Despite its successful composition and outstanding flacon design - it was even exhibited at the Museum of Modern Art in New York - it was only granted a relatively brief appearance on the market.
Too bulky or even misunderstoodly innovative?
Hiss!
The decades have of course left their mark and affected my copy a little.
But since I have had this experience several times with fragrances that are too old, I learned to understand the components of the top note in their decay.
The hesperides in particular develop a bitter ester note, which fortunately fades quickly here and provides some insight.
In addition to the bergamot, I detect a very bright lavender note, slightly minty even.
And this leads me to the classification in the large family of fougère fragrances.

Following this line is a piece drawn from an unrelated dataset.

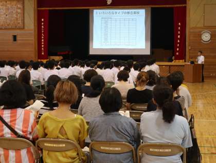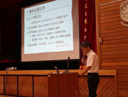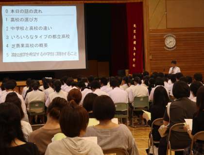 6月7日(金)の6時間目には、3年生は体育館で進路に関するお話を、本校と中高連携を行っている都立芝商業高校の校長先生から伺いました。高校の種類やその選び方の基本的な考え方などについて伺うことができました。最後に芝商卒業生が作成した芝商のPR動画を見ました。多くの保護者の方も参加されていました。

Before I continue describing the fragrance, I would like to point out that the spray head emits a nostalgic mist reminiscent of deodorant spray. If you press it once, you get a finely diluted portion of the liquid on your skin.
Of course, this gets a mega plus point from me!

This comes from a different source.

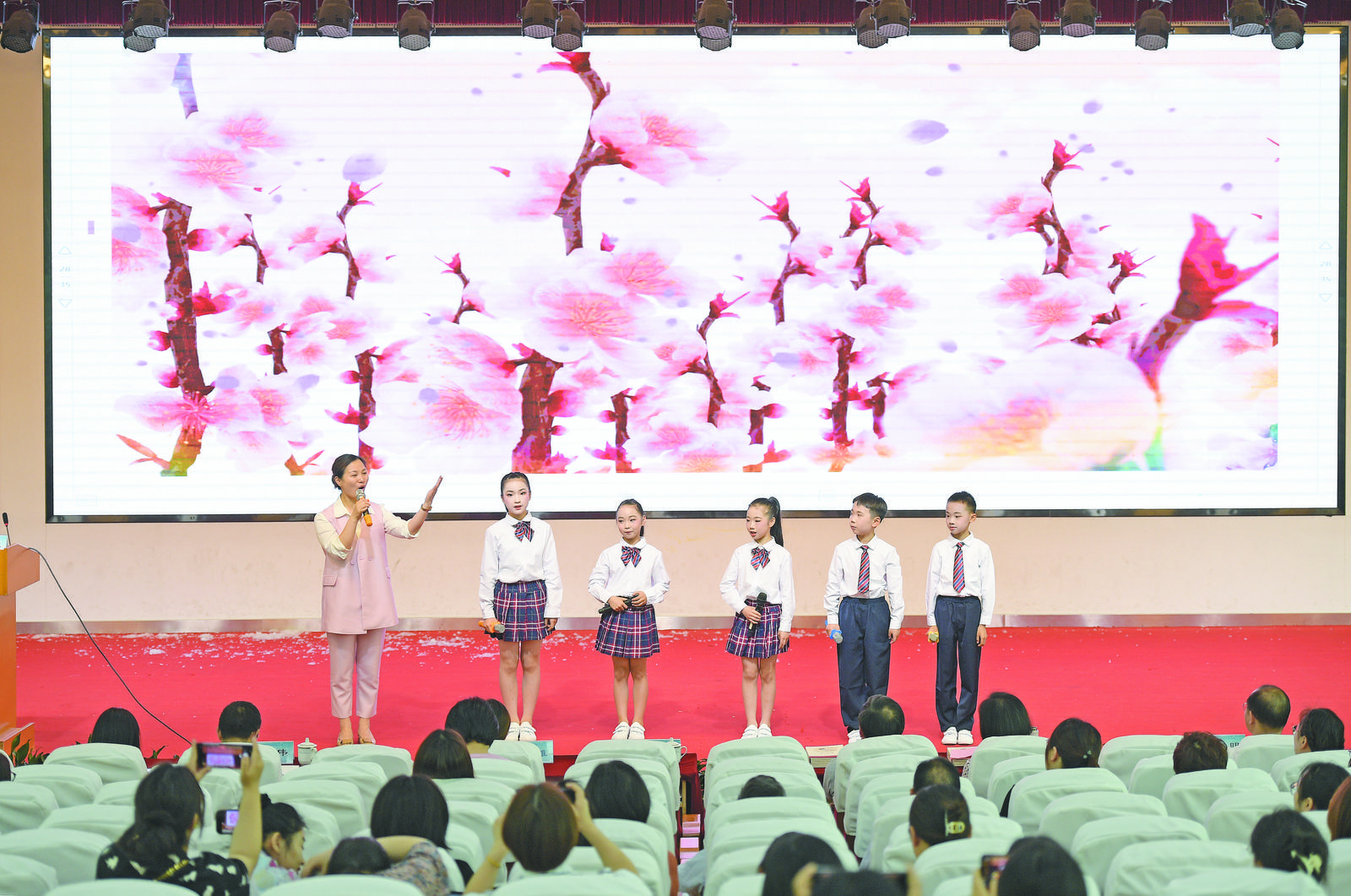 日漸長,綠正好,春來正逢讀書時。4月18日,2023年義烏市“愛·尚閱讀”現(xiàn)場會暨實驗小學“經(jīng)典20年”展示活動在實驗小學報告廳舉行。本次活動由義烏市教育局、義烏市教育研修院主辦,義烏市實驗小學承辦。市教育局、市教育研修院相關領導及全市中小學語文骨干教師共400余人參加了本次活動。 從2001年起,實驗小學就開展了經(jīng)典誦讀實踐研究,旨在培養(yǎng)學生的閱讀興趣,幫助學生養(yǎng)成良好的閱讀習慣。經(jīng)過多年的探索實踐,學校讀書活動精彩紛呈,學生經(jīng)典積累扎實有效,書香校園建設的一些典型做法逐漸輻射全市,得到了社會各界的認可。 |

So, now on with the fragrance progression.
Real ambergris is now allowed to provide a mineral freshness, here declared as algae.
And now, at the latest, it becomes clear just how great this composition is.
Because...
Just two years later, in 1972, a new fragrance based on Eau Cendrée would see the light of day, namely Drakkar Eau de Toilette. Mind you, the father of Drakkar Noir Eau de Toilette from 1982, which became a superstar.

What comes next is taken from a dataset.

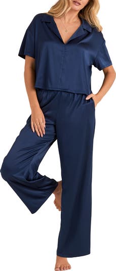 Unwrap these silky, satin PJs for some festive relaxation and the perfect holiday gift. The short-sleeved top has a v-neckline and the elastic waist pants have handy pockets, making this set ideal for cozy Christmas nights and effortless holiday lounging.

It should also serve as a model for what I consider to be Davidoff's best fragrance, Davidoff Eau de Toilette from 1984. Here I agree with the assessment of Parfumo MarkCross1.
This Eau Cendrée, however, retains its contradictory uniqueness, it will make the cistus glow in all its components and extinguish it.
But for this it needs the extremely beautiful woods in the background, such as cedar and sandalwood.
It's wonderful how you can see the dried cistus flowers in the scorching heat! The interplay with the ambergris and lavender (here this hay-like coumarin) creates little sparks.
Anyone who has experienced the summer heat on the Mediterranean may know that the body suddenly feels a scorching white coolness, a contradiction full of magic.
When cultivated, the fragrance becomes ever greener. Oakmoss is so well integrated that it never suggests too clumsy a proximity to shaving foam. Well-groomed, yes, but in moderation.
And this is where it gets exciting. Juniper and allspice deepen the bass somewhat.
These almost black berries, with their animalistic, dusty character, have the ability to conjure up a targeted, full-bodied appeal.
They are supported by green pepper with a quite pleasant spiciness, never too sharp or overpowering.
Everything is in balance.
That's what I call sexy!
Later, the resins of cistus, labdanum, together with patchouli will offer this typical leather note of the 1970s.
A pleasing leather, well-groomed, nobly tanned, never too loud.
And yet powerful. As if the naked torso were clad only in a leather jacket, never concealing its physicality.
A little dance of two skins, human and animal at the same time.
Towards the end of the fragrance, you understand the name.
Having soaked up the passion of the hot sun, it's time to put out the fires and pass them on for the evening. The great art of eroticism!
The water turns ashen after the embers are extinguished and their steam fills the room with the power of fire one last time.
A blazing cedar, cedar rose leaves about to burn, all this is stopped and captured in time by the cool water.
Suddenly there it is, the cistus path to the beach.
However, the fragrance is not meant to be worn in summer, but in the cooler months of the year, warming us with its sunny memories.
Contradictions complement each other and result in harmony.
Just like the Danse Profane by Claude Debussy.
You meander through highs and lows, cool water and woody heat, to enjoy this beautiful harmony in the evening at the end.
And so the cistus dissolves the contrasts.